WORK REQUIRED:
Set down the whole listing below exactly. The pictures stay out.

COLLECTED MATERIAL:
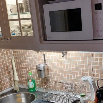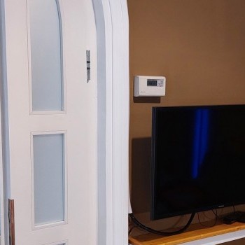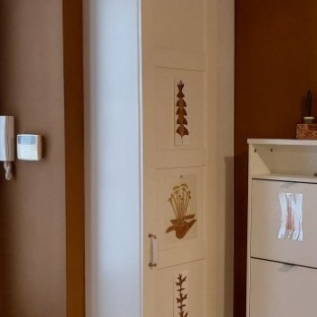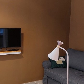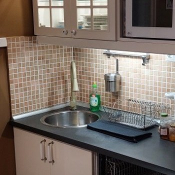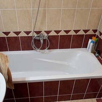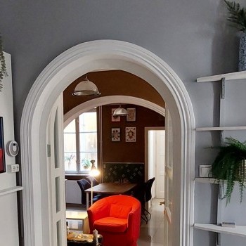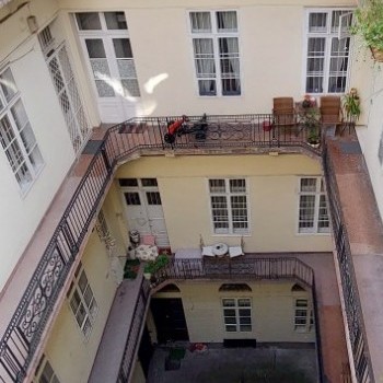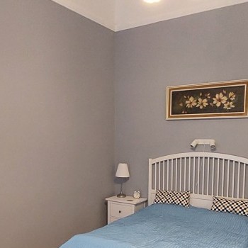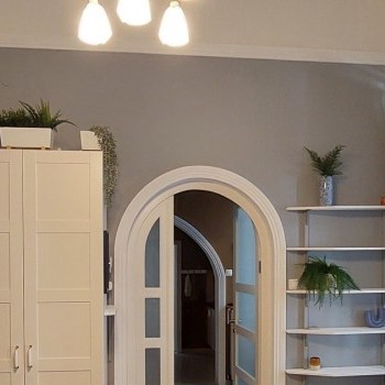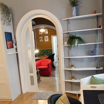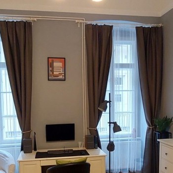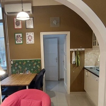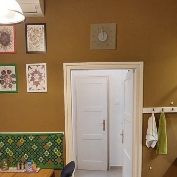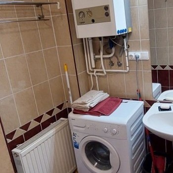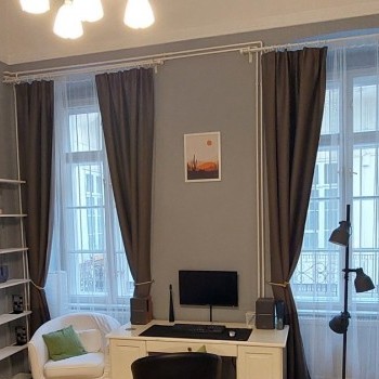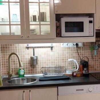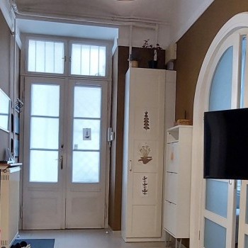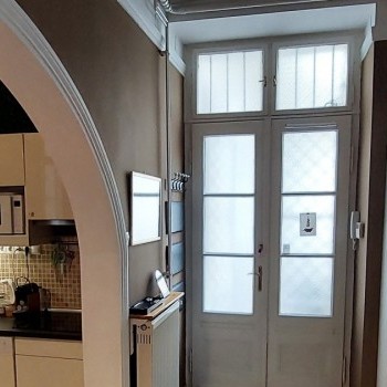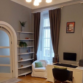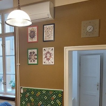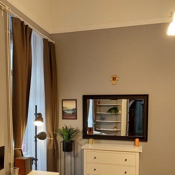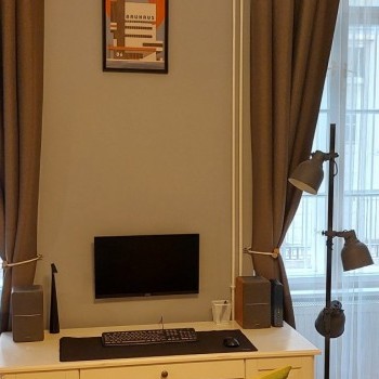 The ceiling height is about 4 metres and the rooms are bright. The apartment is furnished and equipped with air conditioning in the living room, washing machine in the bathroom and dishwasher in the kitchen. Hot water and heating is provided by a gas boiler. The apartment was redecorated in July 2024.
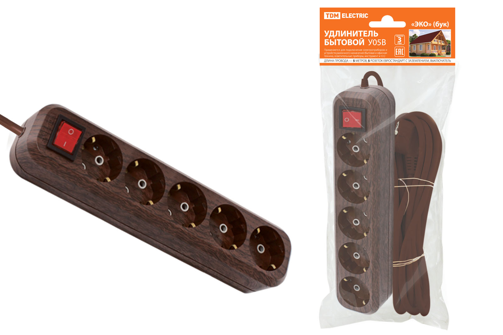 Наименование: Удлинитель бытовой У05В выключатель, 5 гнезд, 5метров,2П+3, ПВС 3х1мм2 "Эко" (бук) 16А/250В TDM
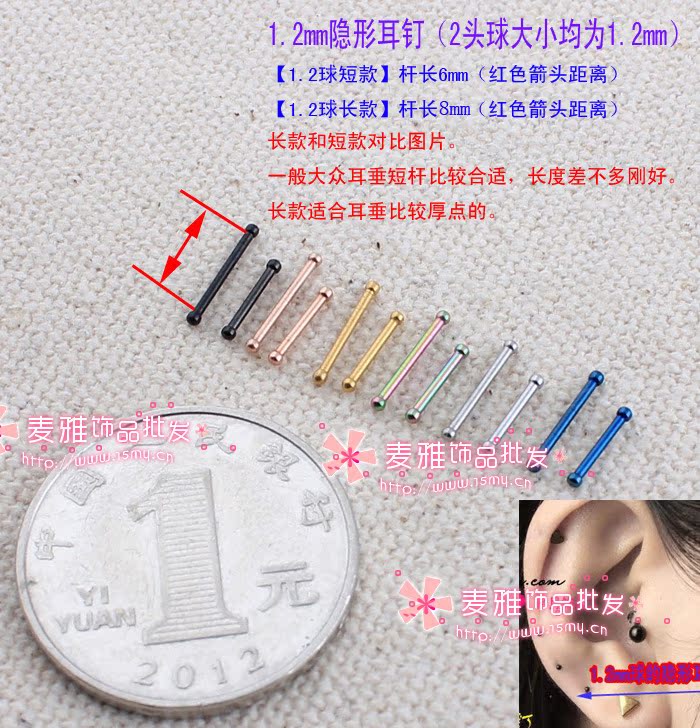 韩版 迷你时尚隐形小耳钉 小耳洞 耳骨钉 耳饰 防堵塞耳钉W01

WRITTEN REPLY:
 The ceiling height is about 4 metres and the rooms are bright. The apartment is furnished and equipped with air conditioning in the living room, washing machine in the bathroom and dishwasher in the kitchen. Hot water and heating is provided by a gas boiler. The apartment was redecorated in July 2024.
 Наименование: Удлинитель бытовой У05В выключатель, 5 гнезд, 5метров,2П+3, ПВС 3х1мм2 "Эко" (бук) 16А/250В TDM
 韩版 迷你时尚隐形小耳钉 小耳洞 耳骨钉 耳饰 防堵塞耳钉W01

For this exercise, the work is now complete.